Give back exactly the lines of the material below that start at the line containing "Sacchetti bomboniere laurea" and end at the line containing "HAT KABLO LTD.", and no others.

Given records >>

+++

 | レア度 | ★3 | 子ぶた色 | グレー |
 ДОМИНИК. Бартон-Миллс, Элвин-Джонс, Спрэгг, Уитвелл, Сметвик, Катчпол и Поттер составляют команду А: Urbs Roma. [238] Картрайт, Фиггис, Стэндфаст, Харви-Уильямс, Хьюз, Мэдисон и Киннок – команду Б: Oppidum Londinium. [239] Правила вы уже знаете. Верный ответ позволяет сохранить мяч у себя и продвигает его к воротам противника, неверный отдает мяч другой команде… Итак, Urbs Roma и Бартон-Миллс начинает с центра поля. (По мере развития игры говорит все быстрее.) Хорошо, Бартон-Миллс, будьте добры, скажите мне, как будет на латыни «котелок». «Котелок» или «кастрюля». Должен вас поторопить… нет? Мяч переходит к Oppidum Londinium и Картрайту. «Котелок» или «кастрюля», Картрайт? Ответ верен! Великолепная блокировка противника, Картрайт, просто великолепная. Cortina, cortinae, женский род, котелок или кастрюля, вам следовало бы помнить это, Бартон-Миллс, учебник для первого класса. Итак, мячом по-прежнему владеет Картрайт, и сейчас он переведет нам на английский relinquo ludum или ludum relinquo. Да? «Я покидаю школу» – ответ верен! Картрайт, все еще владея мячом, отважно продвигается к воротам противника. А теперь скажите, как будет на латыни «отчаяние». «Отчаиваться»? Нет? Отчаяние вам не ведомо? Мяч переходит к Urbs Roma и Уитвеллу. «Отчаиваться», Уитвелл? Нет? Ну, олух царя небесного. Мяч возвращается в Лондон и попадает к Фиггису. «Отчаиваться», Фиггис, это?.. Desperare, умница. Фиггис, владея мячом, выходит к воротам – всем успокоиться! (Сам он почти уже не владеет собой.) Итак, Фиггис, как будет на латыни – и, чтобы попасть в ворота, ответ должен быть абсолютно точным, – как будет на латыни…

+++

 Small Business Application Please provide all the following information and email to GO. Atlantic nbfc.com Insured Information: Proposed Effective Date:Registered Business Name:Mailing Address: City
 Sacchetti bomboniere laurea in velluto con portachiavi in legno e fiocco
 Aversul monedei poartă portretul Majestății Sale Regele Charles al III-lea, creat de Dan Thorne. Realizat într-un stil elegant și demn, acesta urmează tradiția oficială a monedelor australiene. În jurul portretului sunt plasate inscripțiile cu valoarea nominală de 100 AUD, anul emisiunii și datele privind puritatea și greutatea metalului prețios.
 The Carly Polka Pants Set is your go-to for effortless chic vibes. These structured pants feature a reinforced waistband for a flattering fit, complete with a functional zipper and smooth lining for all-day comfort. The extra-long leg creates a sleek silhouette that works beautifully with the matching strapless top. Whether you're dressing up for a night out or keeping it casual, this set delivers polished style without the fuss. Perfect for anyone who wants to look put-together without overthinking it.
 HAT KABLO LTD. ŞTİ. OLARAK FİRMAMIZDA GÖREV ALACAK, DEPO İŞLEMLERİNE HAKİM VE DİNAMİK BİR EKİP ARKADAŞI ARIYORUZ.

+++

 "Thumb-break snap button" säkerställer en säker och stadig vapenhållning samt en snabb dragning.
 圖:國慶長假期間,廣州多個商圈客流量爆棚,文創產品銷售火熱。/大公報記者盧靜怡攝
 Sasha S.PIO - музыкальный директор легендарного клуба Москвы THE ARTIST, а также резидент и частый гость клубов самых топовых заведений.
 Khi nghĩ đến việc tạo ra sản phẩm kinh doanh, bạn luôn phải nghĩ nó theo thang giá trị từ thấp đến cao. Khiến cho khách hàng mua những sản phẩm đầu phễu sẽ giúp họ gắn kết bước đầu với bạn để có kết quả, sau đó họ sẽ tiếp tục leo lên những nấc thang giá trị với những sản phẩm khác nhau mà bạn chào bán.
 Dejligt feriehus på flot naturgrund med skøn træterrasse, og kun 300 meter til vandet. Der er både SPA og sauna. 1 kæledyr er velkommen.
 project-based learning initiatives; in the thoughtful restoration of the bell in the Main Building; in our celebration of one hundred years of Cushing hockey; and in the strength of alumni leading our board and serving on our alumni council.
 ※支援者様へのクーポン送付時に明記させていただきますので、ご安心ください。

+++

Answer section >>
 Sacchetti bomboniere laurea in velluto con portachiavi in legno e fiocco
 Aversul monedei poartă portretul Majestății Sale Regele Charles al III-lea, creat de Dan Thorne. Realizat într-un stil elegant și demn, acesta urmează tradiția oficială a monedelor australiene. În jurul portretului sunt plasate inscripțiile cu valoarea nominală de 100 AUD, anul emisiunii și datele privind puritatea și greutatea metalului prețios.
 The Carly Polka Pants Set is your go-to for effortless chic vibes. These structured pants feature a reinforced waistband for a flattering fit, complete with a functional zipper and smooth lining for all-day comfort. The extra-long leg creates a sleek silhouette that works beautifully with the matching strapless top. Whether you're dressing up for a night out or keeping it casual, this set delivers polished style without the fuss. Perfect for anyone who wants to look put-together without overthinking it.
 HAT KABLO LTD. ŞTİ. OLARAK FİRMAMIZDA GÖREV ALACAK, DEPO İŞLEMLERİNE HAKİM VE DİNAMİK BİR EKİP ARKADAŞI ARIYORUZ.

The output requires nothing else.